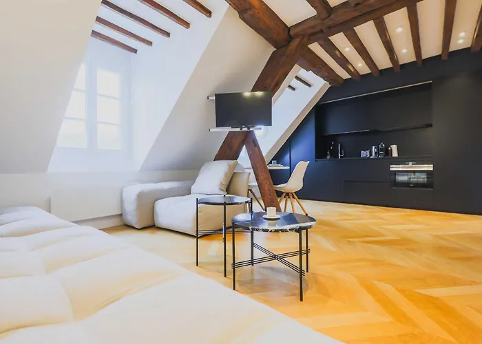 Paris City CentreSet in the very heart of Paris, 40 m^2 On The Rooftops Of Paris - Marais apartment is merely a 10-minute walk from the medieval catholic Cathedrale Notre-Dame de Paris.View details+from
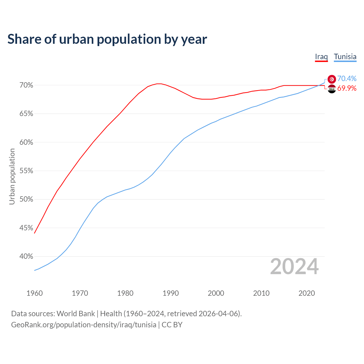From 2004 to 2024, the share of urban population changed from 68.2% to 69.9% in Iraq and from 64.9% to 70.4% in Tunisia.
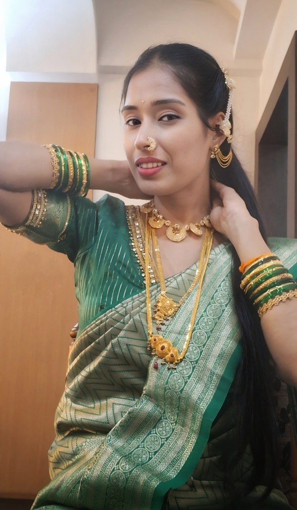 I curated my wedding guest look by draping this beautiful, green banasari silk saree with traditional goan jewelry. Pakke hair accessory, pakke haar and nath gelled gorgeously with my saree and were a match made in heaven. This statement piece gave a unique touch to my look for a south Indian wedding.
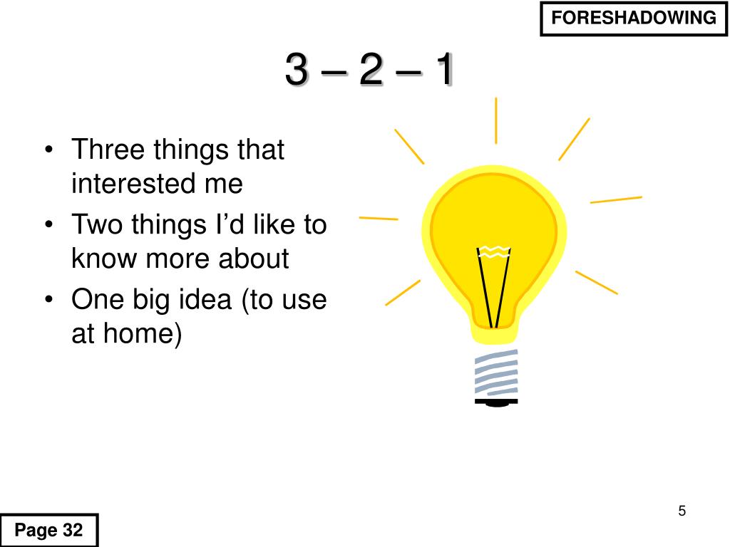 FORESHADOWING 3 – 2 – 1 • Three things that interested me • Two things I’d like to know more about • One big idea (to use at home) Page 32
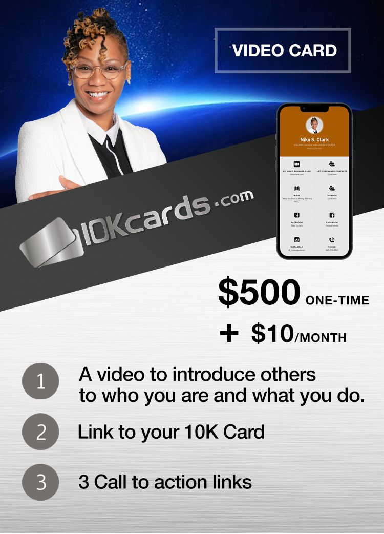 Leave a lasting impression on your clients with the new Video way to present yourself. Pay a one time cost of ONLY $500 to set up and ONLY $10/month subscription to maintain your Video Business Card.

...

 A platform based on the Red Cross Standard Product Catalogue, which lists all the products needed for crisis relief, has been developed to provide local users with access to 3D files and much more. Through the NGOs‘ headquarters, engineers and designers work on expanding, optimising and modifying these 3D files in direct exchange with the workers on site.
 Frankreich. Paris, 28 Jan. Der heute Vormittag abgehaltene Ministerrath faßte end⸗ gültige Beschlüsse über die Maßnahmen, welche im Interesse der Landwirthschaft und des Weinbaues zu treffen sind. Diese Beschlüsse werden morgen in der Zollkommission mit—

What to produce:
Each line above from the one containing "Paris City CentreSet" through the one containing "From 2004 to" is to be returned verbatim. Nothing else, and no pictures.

Solution to the exercise:
 Paris City CentreSet in the very heart of Paris, 40 m^2 On The Rooftops Of Paris - Marais apartment is merely a 10-minute walk from the medieval catholic Cathedrale Notre-Dame de Paris.View details+from
From 2004 to 2024, the share of urban population changed from 68.2% to 69.9% in Iraq and from 64.9% to 70.4% in Tunisia.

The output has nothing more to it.